嘘吐いた後にちょっと胸がすいているのは「鵺雲は自分の忠告を素直に聞くんだな、これも意趣返しだな」「そういった不埒なものの存在を知らないんだな、自分の方が鵺雲よりも世俗のことに詳しいな、鵺雲の世俗はカフェ止まり」ということに嫌な愉悦を覚えているから。知らないこと教えたくなる。あとは、巡と佐久夜のことを何でも知っているように見せかけてゲームセンターのことを知らないところとかも胸がすく。二人の核にある思い出のところまで詳しく知っているわけじゃないのだ。この辺りの佐久夜の心境、急に現れたとても魅力的な異物に対する揺らぎがあって生々しいな。最終的に丸く収まって良かった。
証明写真機というのは特に嘘というわけではなく、巡から聞いた時に「それはつまり証明写真機をおしゃれに言っただけなのではないか」と思ったのでそう言い続けている。佐久夜も不埒な証明写真機に鵺雲を入れることは、ましてや一緒に入ることはまずいと思っている。本当にまずいので入らなくてよかった。不埒な証明写真機に入る時は巡の許可を取ろう。
これで嘘の件がプリクラの件じゃなかったらどうしようと気づきました。
・「萬燈先生のデスゲームの話とは?」
詳細をあんまり覚えていないけれど、コミカライズ担当の足立いまる先生が話していた雑談の一種であることだけ覚えている。すごく笑った覚えがあるんだけど、どういう話だったんだろうか……。デスゲームにめちゃくちゃ強いとか? 足立先生に聞いておきます。人間の可能性を見るためにデスゲームを開催する萬燈先生はめっちゃ嫌だみたいなことを言っていた気がする。
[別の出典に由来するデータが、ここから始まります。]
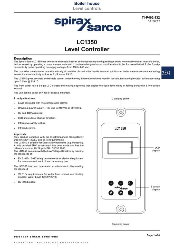 The Spirax Sarco LC1350 has two alarm channels that can be independently configured high or low to control the water level of a boiler,
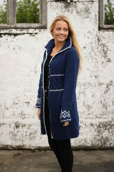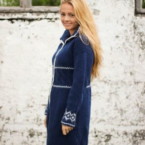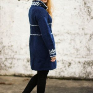 Mittið er með kaðlamynstri til að draga fram kvenlegar línur, og fallegt munstur á ermum og kraga.
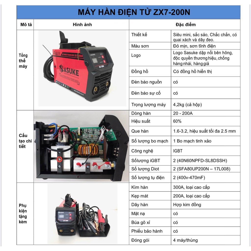 THÔNG SỖ KỸ THUẬT CỦA MÁY HÀN INVERTER SASUKE✔️Model: ZX7-200N
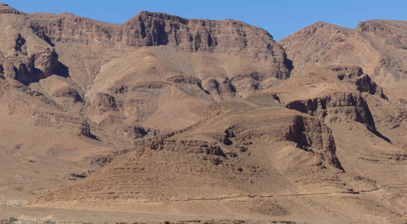 Dat is de R109 een wonderschone route die geldt als één van de mooiste van Marokko. Je rijdt door een breed dal, voor het grootste deel gevormd door een droge rivierbedding. Aan beide zijden heb je dan bergketens die bestaan uit geplooid gesteente. Wij noemen ze gekamde bergen omdat het net is of er iemand met een reusachtige kan patronen in de bergen geeft aangebracht. Af en toe passer je een oase en na 3 uur rijden kwamen we in Tata aan, we hadden toen zo’n 160km gereden.
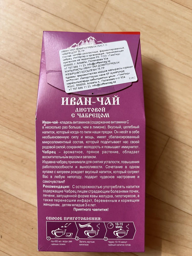 💳 Оплатить за товар можно при получении 🇰🇿 Есть бесплатная доставка по Казахстану от 1 дня 🎁 Копите бонусы с каждой покупки Иван-чай — кладезь витаминов (содержит витамина С в 6 раз больше, чем в лимоне). Вкусный, целебный напиток, который когда-то пили наши предки. Англичане выкупали его за золото, когда владели плантациями чая в Индии. Он несёт в себе необыкновенную силу и мощь, имеет сбалансированный микроэлементный состав, который подпитывает нас своей родовой силой. Чабрец — ароматное, пряное растение, обладает восхитительным вкусом и запахом. Издавна чабрец принимали для снятия усталости, повышения работоспособности и выносливости. Сочетание в одном купаже с кипреем рождает весьма вкусный напиток, который согреет Вас в любую непогоду, подарит чудесное настроение и самочувствие! |
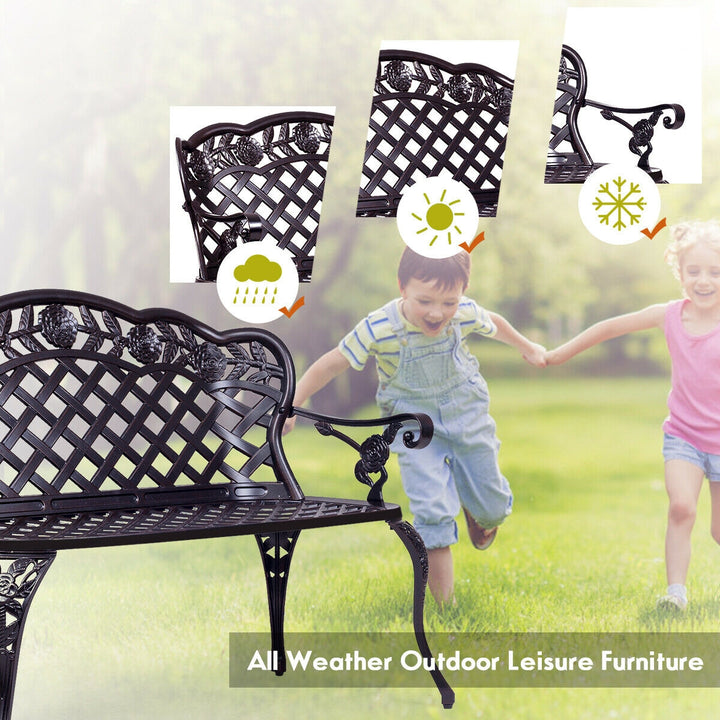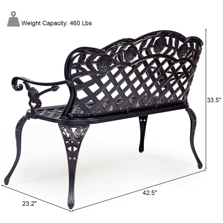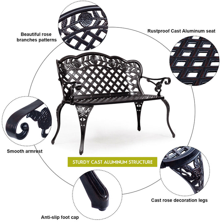 Weather-Proof High-Quality Material: Constructed from well-painted cast aluminum, this garden bench is built to withstand the elements. Its durable design ensures that it does not rust easily, offering long-lasting service and continued enjoyment through all seasons.

・プライベートでお菓子をほぼ食べないので、千慧のスイーツ探しが大変だったのだが、この間本棚を整理していたら千慧の食べたスイーツにチェックしてあるスイーツの本が出てきて懐かしくなった。その頃、Twitterで流行ったスイーツなども千慧用にストックしていた。そのままいくと千慧がスイーツ最前線を走ることになっていたのではないか。
・他にも何か言っていたような気がする。捲土重来を全然諦めていないから本編で出る情報は何も出てこない、上澄みしか話せていないなみたいな話もしたような気がする。その通りです。